Descriptive summaries using cross-tabulation of the three food insecurity outcomes and the four types of explanatory variables were first generated, and a chi-square test of association carried out. Second, since both food insecurity prevalence and household dietary diversity were binned into two categories, a binary logistic regression was fitted. Third, for the coping strategy outcome, the generated variable had more than two categories so multinomial logistic regression was used. In all three outcome models, we adjusted for socio-economic and food source variables. Significant associations between the response variables and the explanatory variables were assessed at p < 0.005.

Results

Background Characteristics of the Sample

Of the sample of 853 households, two-fifths (40%) were female-centred (headed by a woman without a partner or spouse), while 19% were male-centred (headed by a man without a partner or spouse). Extended families comprising a couple with dependents, including children and other relatives, constituted 21% of the sample, and nuclear households of parents and their offspring accounted for only 16%. The average household size was 4.4 (standard deviation of 3.1). Half the surveyed households had members below the age of 25 years, and two-thirds of all household members were of working age (16 to 60 years).

Food Insecurity Prevalence and Household Dietary Diversity

Overall food insecurity prevalence was at 77% of households, while 65% reported a low dietary diversity score of five or fewer food groups consumed.
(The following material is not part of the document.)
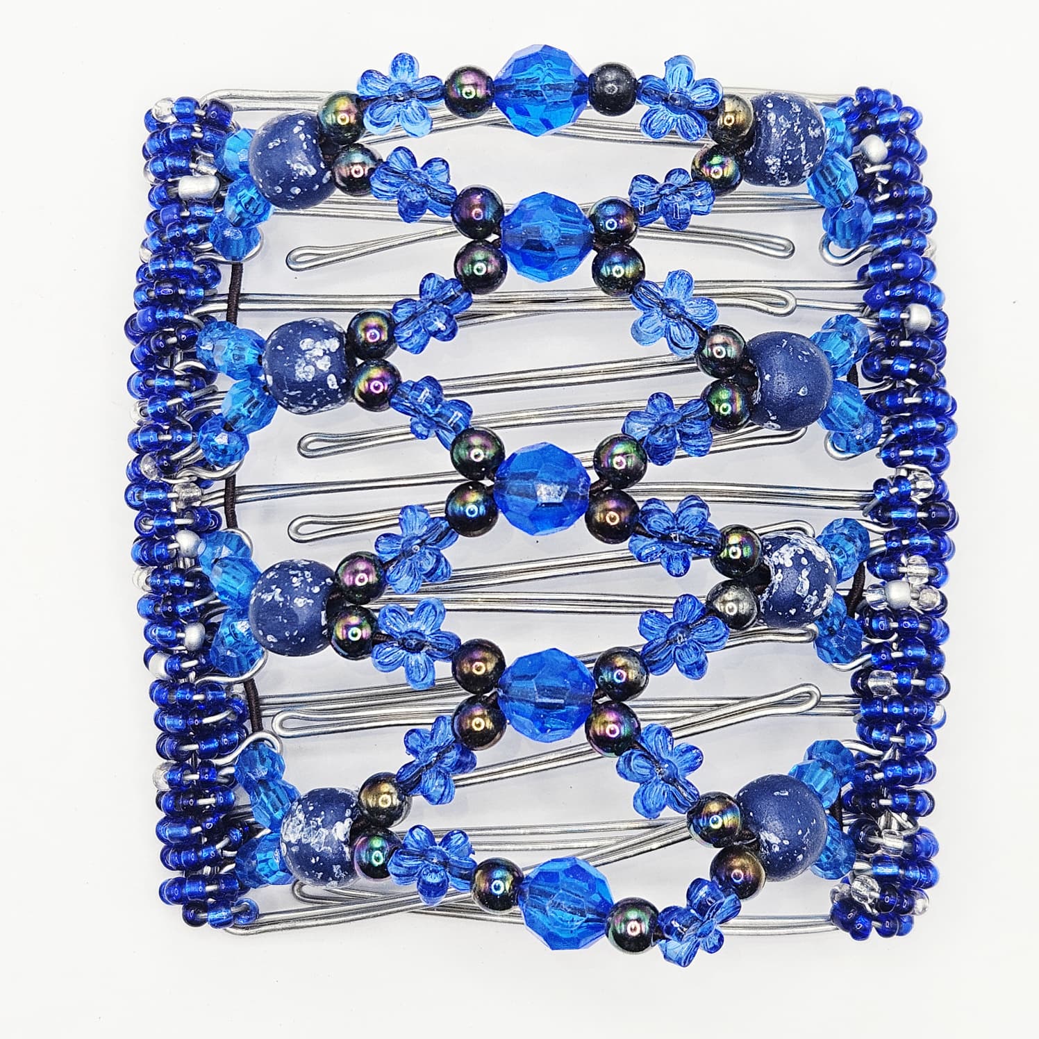 9 Tooth Large Hair comb, Blue mix acrylic and plastic blues with stone imitation side share beads, Stainless steel frame with blue beaded wrapping.
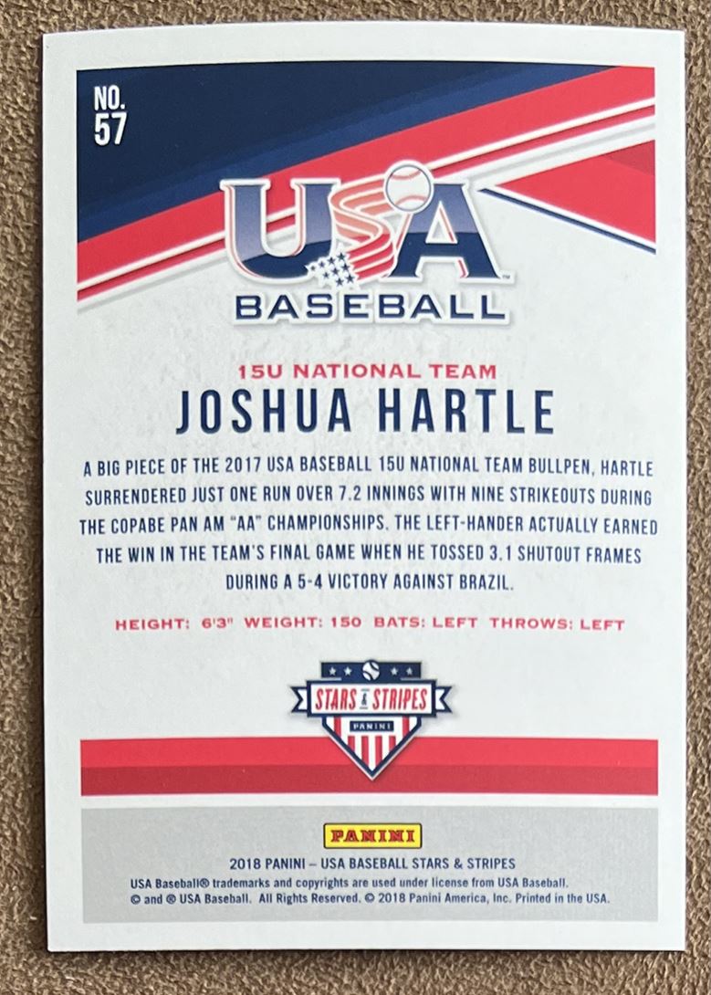 | Description: | Joshua Hartle | | Category: | Baseball | | Year: | 2018 | | Product: | Panini Stars & Stripes Longevity | | Card Number: | 57 | | Rookie: | Yes | | Dimensions: | 3½" x 2½" |

Table 9.1 cross-tabulates the two food security indicators of food insecurity prevalence and greater dietary diversity with the four sets of independent variables. The table shows a positive relationship between food insecurity prevalence, food sources and socio-economic factors. More than 80% of households receiving rural-to-urban food transfers and sourcing food both communally and informally were in the food insecure prevalence category. Similarly, more female-headed households, informal housing households, marginally poor and low lived poverty households were food insecure than their male-headed, formal and less poor counterparts. As lived poverty increased in severity, so did food insecurity prevalence. There was a very clear relationship with income quintiles as food insecurity prevalence declined from 89% for households in the lowest quintile to 59% for households in the highest.

Table 9.1 Cross-tabulation of food insecurity prevalence and household dietary diversity

With regard to greater dietary diversity, there were again significant relationships, but this time between dietary diversity and food transfers from the rural areas and formal food sources. The reverse would also be true, with households that do not receive food transfers and that source food from communal and informal sources having low levels of dietary diversity. In addition, male-headed households, residents of formal housing and those households with better marginal poverty and lived poverty scores had more dietary diversity. Conversely, female-headed households, marginally poor households and those in informal settlements had low dietary diversity. As Table 9.1 shows, dietary diversity improved with income, with 17% of the lowest income quintile households in the more diverse category, compared with 67% of households in the highest income quintile.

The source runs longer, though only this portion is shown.